Вода и грёзы. Опыт о воображении материи
Шрифт:
Это двухвалентное могущество навсегда останется основой убежденности в непрерывном плодородии. Для того чтобы иметь возможность продолжать, надо непрерывно воссоединять между собою противоположности. В своей книге «Богиня природа и богиня жизнь» г-н Эрнест Сейер мимоходом бросает справедливое замечание о том, что буйная болотная растительность есть символ теллуризма[279]. И анонимное, тучное, кратковременное и изобильное могущество произрастания определяется субстанциальным браком земли и воды, осуществленным в виде болота. Души, подобные душе Мишле, поняли, что ил помогает нам причаститься сил произрастания; сил, возрождающих землю. Стоит прочитать чудесные страницы о том, как он, погрузившись в мягкую грязь, почувствовал, что жизнь его погребена в земле. Эта земля, «я очень хорошо ощущал, что она ласкает и сочувствует, согревает свое раненое дитя. Снаружи? И изнутри тоже. Ибо она была пропитана своими животворящими духами, входила в меня и перемешивалась со мною, „втирая“ в меня свою собственную душу. Между нами произошло полное взаимоотождествление. Я уже не мог отличить себя от нее. И до такой степени, что в последнюю четверть часа то, что она не покрывала, то, что оставалось у меня свободным – лицо, – стало мне докучать. Погребенное
То же самое впечатление органического союза земли и воды получаешь, размышляя над следующей страницей из Поля Клоделя: «В апреле, после пророческого цветения сливы, по всей земле начинается работа Воды, язвительной служанки Солнца. Она растворяет, она согревает, она размягчает, она проникает внутрь – и соль становится слюною, убеждает, пережевывает, смешивает: и как только почва подготовлена, жизнь пускает ростки, растительный мир всеми своими корнями снова начинает вытягиваться над земным лоном. Кислая вода первых месяцев понемногу становится густым сиропом, натиском хмельного напитка, горьким медом, насквозь заряженным сексуальной потенцией…»[280]

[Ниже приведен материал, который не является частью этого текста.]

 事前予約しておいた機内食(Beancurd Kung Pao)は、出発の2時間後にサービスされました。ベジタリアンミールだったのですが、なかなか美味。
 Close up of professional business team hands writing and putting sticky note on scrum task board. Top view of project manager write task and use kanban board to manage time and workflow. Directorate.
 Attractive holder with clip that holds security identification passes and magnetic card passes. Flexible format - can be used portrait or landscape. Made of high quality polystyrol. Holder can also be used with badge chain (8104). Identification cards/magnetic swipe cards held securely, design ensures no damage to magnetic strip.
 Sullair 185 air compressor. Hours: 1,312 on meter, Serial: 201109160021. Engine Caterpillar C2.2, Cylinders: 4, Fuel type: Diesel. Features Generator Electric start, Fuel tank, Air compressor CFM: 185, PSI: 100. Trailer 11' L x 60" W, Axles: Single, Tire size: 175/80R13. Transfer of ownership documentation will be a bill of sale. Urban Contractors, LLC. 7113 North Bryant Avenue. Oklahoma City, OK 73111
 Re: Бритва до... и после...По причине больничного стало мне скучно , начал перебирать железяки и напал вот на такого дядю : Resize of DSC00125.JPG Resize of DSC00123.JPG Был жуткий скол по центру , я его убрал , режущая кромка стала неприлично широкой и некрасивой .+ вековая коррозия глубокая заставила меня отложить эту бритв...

Для многих душ темой безграничных грез становится и глина. Человек без конца задает себе вопрос, из какого ила, из какой глины он сотворен. Ибо для того, чтобы творить, всегда нужна некая глина, пластическая материя, двойственная материя, в которой предстоит соединиться земле и воде. И ведь не напрасно грамматисты спорят между собою, стремясь установить, какого рода слово argile, «глина», мужского или женского? Поскольку наша нежность и наша крепость противоположны друг другу, глине требуется какая-то андрогинная «сопричастность». Настоящей глине полагалось бы быть замешенной на обильной земле и воде. До чего же прекрасно то место, где О. В. де Л.-Милош[281] говорит нам, что мы созданы только из глины[282] и слез! Засуха слез и плотина на пути горестей – и человек становится сухим, убогим, проклятым. Если слез многовато, если в глине не хватает мужества и жесткости, – то это другая беда: «Глиняный человек, слезы затопили твой жалкий мозг. Слова без соли текут по твоим устам, словно тепловатая вода»[283].

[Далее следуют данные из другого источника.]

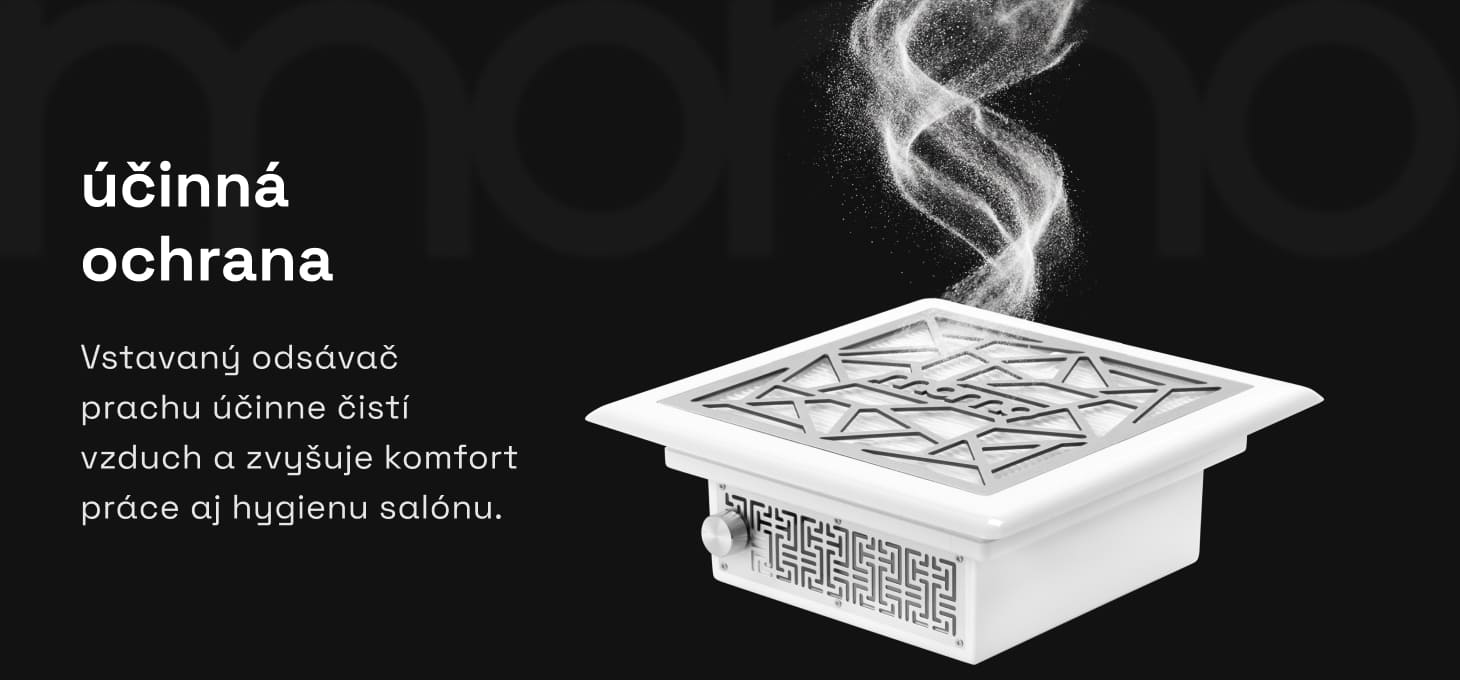 Počas ošetrení vykonávaných frézou sa do ovzdušia uvoľňuje veľké množstvo prachu. V takýchto podmienkach sa výkonný odsávač stáva prvkom vybavenia, ktorý výrazne zlepšuje kvalitu a komfort práce tým, že zabezpečuje účinné čistenie vzduchu. Zvyšuje hygienický štandard salónu, zvyšuje komfort stylistu a poskytuje bezpečnejšie prostredie pre zákazníkov, najmä pri vykonávaní veľkého počtu služieb.
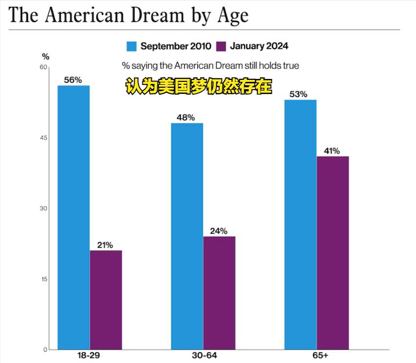 MAGA成没成还有待验证,但“美国梦”还得继续做。 “美国梦”(American Dream)这一概念由美国历史学家詹姆斯·特鲁斯洛·亚当斯(James Truslow Adams)在1931年著作《美国史诗》中首次明确提出。 当时的美国正值经济大萧条时期。而其后的罗斯福新政时期、以及里根经济复苏时代,均被视为“美国梦”的代表时代。 去年美国总统大选前,美国广播公司新闻网/益普索(ABC News/Ipsos)做了一个关于“美国梦”的民调。 只有27%的人表示美国梦仍然存在,比2010年首次提出这个问题时的50%大幅下降。表示“美国梦”从未成立的是18%,远高于曾经的 4%。 对美国梦的悲观情绪在各个群体均有增长,而这种变化在年轻人中最为明显。他们认为美国梦仍然成立的观点下降了 35 个百分点,从 2010 年的 56% 下降到现在的 21%。 去年的总统还是“瞌睡乔”,他不仅没有挽救“美国梦”,倒是自己昏昏欲睡了,结果稀里糊涂的退出了竞选。 美国现在正值“懂王时代”。特朗普在3月的国会联席会议上发表演讲时,提出了“重振美国梦”的口号。自他再次上台已过去了280天。“美国梦”是越来越多了还是越来越少,是“美梦”还是变“噩梦”了呢?
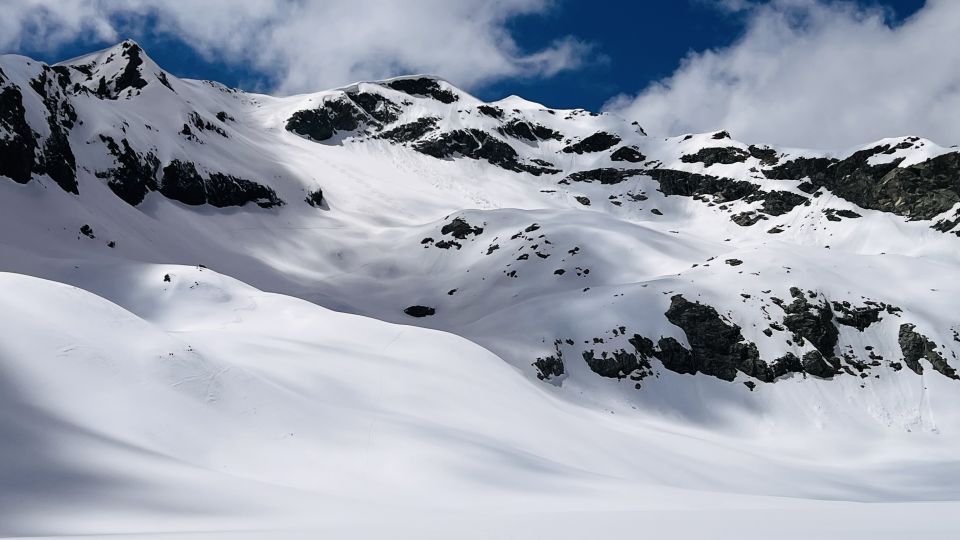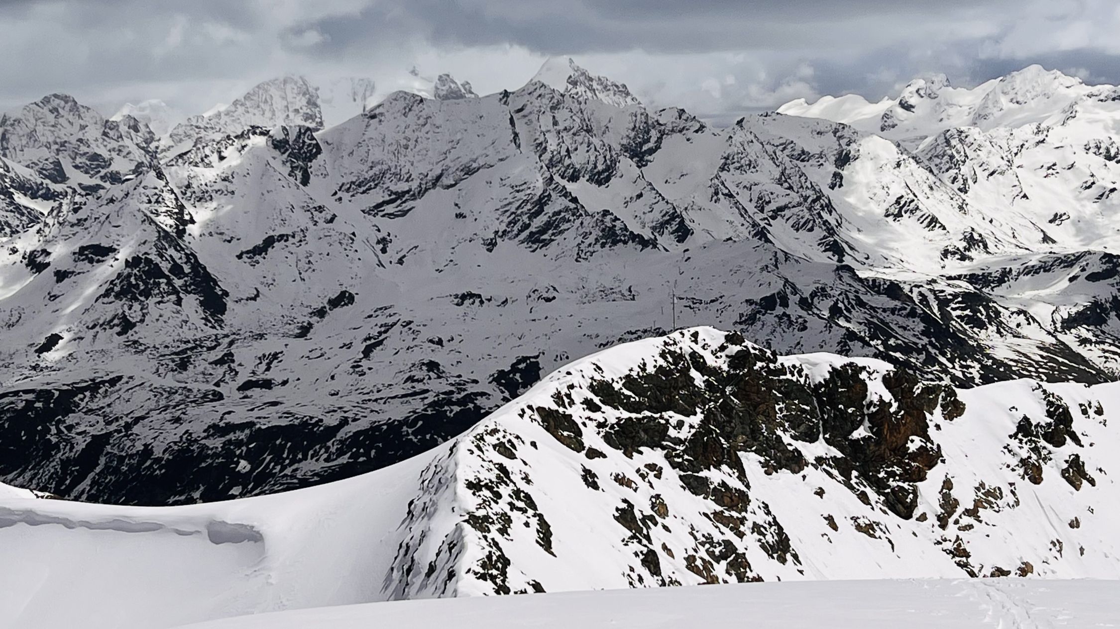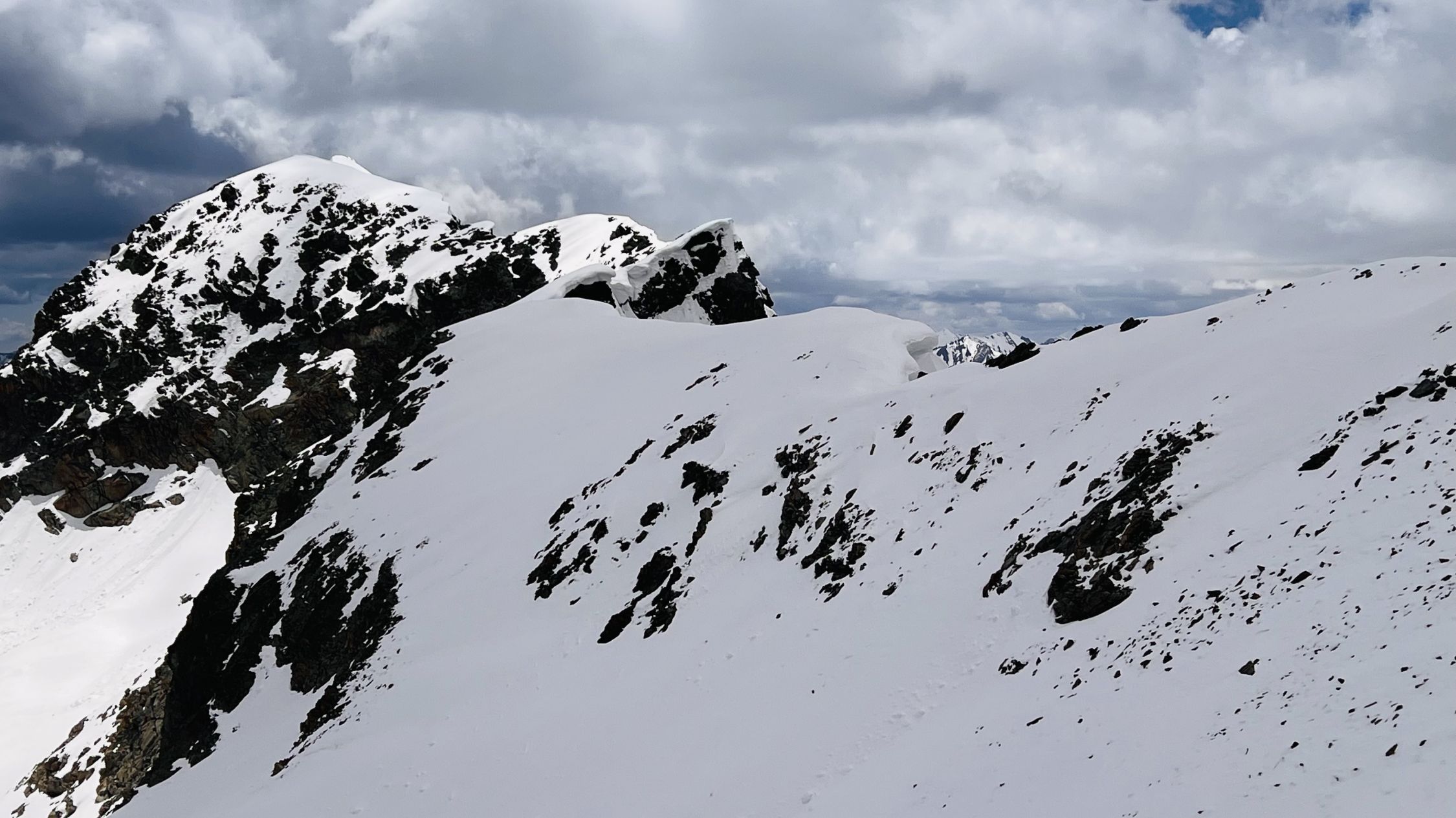 Bin erst um 12 Uhr bei der Alp Güglia (2190m) los und war zwei Stunden später am Vorgipfel 3110m. Top-Verhältnisse, musste nur den Talboden zu Fuss durchqueren und dann auf tragendem Schnee bis zum Vorgipfel. Der Grat zum Gipfel ist stark überwächtet, war mir zu spannend und bringt skimässig nix. Oben knapp 10 cm Pulver und unten Sulz, selbst der letzte, steindurchsetzte Hang zum Talboden trug noch gut um 14:45 Uhr.

Поскольку мы пообещали читателю охватить в данной работе все случаи, относящиеся к теме психологии материального воображения, нам не хотелось бы расставаться с грезами о замешивании и разминании, не пройдя другого пути материальных грез, ведь следуя по нему, можно пережить медленное и трудное покорение формы при помощи строптивой материи. Воды здесь нет. Теперь труженику, как бы по случайности, предстоит заняться пародией на творчество произрастания. Эта пародия на гидрическое могущество немного поможет нам понять могущество воображаемой воды. Мы хотим поговорить о грезах души кующей.
Кузнечные грезы обычно запаздывают. Поскольку этот труд начинается с обработки твердого тела, труженик прежде всего осознает некую волю. На арену выходит сначала именно воля; затем – коварство[284], призывающее на помощь огонь с целью добиться ковкости. Когда же под молотом дает знать о себе деформация, когда металлические бруски сгибаются, в душу труженика прокрадывается нечто близкое грезам о деформации. И тут врата грез постепенно раскрываются. И тут рождаются железные цветы. Внешне они, без сомнения, лишь подражают блеску растительности, но если с чуть большим сочувствием проследить за пародийностью их извивов, сразу ощутишь, что труженик вложил в них некую сокровенную силу произрастания. Одержав победу, молот кузнеца несильными ударами ласкает завитки. Внутри кованого железа «заточены» грезы о податливости, неведомое воспоминание о текучести. Грезы, обитавшие в душе, продолжают жить в ее произведениях. Решетка после длительной обработки превращается в живую изгородь. По прутьям ее продолжает карабкаться падуб, правда, немного более жесткий, немного более тусклый, чем настоящий. А для того, кто умеет грезить на пределе человеческих и природных возможностей, кто умеет обыгрывать всевозможные поэтические инверсии, сам полевой падуб разве уже не представляет собой некую отвердевшую растительность, изделие из кованого железа?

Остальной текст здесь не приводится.